For this exercise, output exactly the lines from the opening line of the listing through the line with "この後,3年生は,体育館を後", skipping pictures.

→ **Excerpted data**
##############################
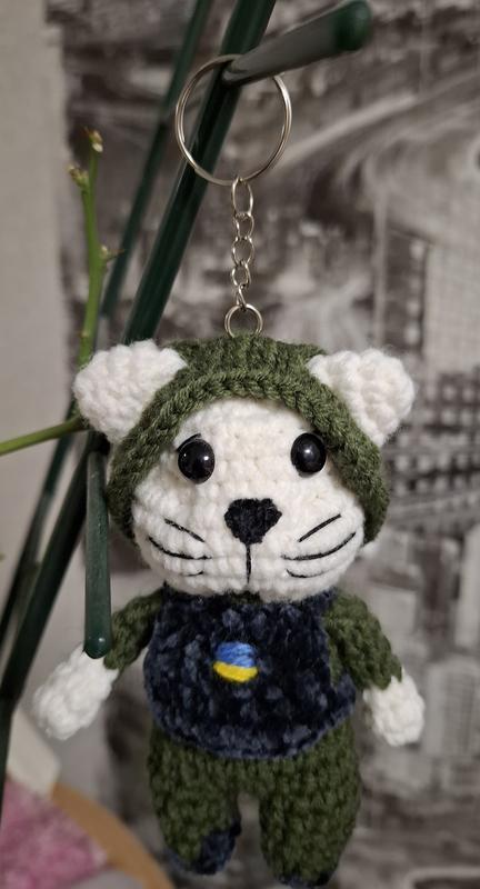 Вязаний міні котик ЗСУ,можна використовувати як брелок,можливий індивідуальний надпис,8-12см
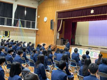 この後,3年生は,体育館を後にして,1・2年生に見送られながら,教室に戻りました。最後に,生徒会長が,1・2年生に向けて,3年生を送る会の成功は,1・2年生全員の力であることを感謝するあいさつをしてくれました。
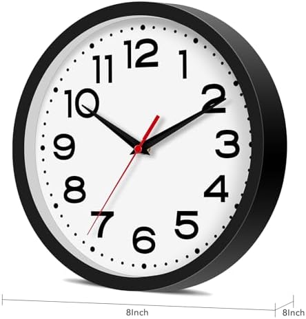 Roymnie Wall Clock Silent No Ticking Modern Clock Battery Powered 8 inches (approximately 20.3 cm) Small Classic Simulation Decoration Kitchen, Living Room, Office, Bedroom, Bathroom (Black)
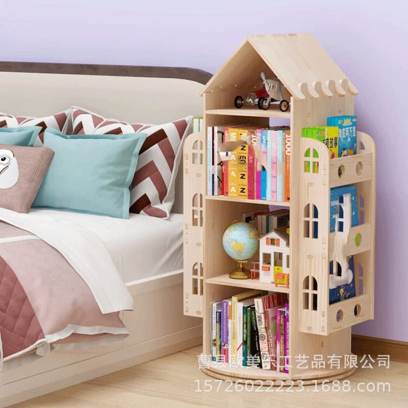 360 도 단단한 나무 어린이 회전 책장 바닥 학생 그림책 랙 간단한 다층 거실 보관 랙스토어 가기
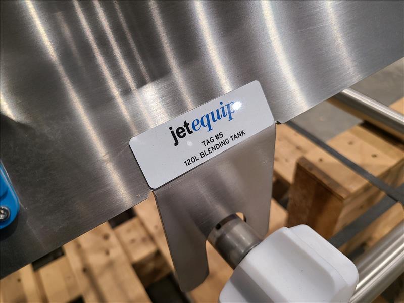 Jetequip Blending Tank, approx. 120L, w/bottom mounted mixer, stainless steel, casters (New, never installed)
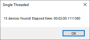 MessageBox.Show(nFound.ToString() + " devices found! Elapsed time: " + ts.ToString(), "Synchronous");
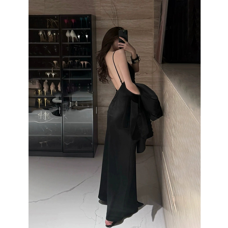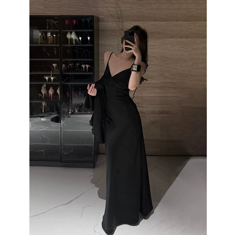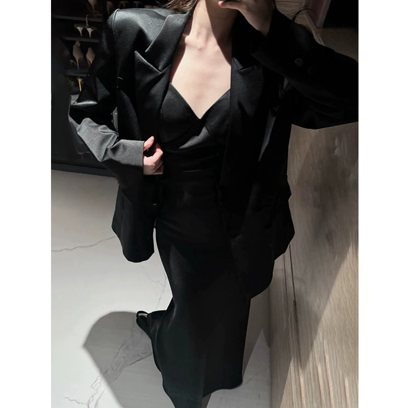 外套女25年夏黑色吊带包臀裙套装 XZY 微胖御姐气质高级感缎面西装
##############################
→ **Response for this exercise**
 Вязаний міні котик ЗСУ,можна використовувати як брелок,можливий індивідуальний надпис,8-12см
 この後,3年生は,体育館を後にして,1・2年生に見送られながら,教室に戻りました。最後に,生徒会長が,1・2年生に向けて,3年生を送る会の成功は,1・2年生全員の力であることを感謝するあいさつをしてくれました。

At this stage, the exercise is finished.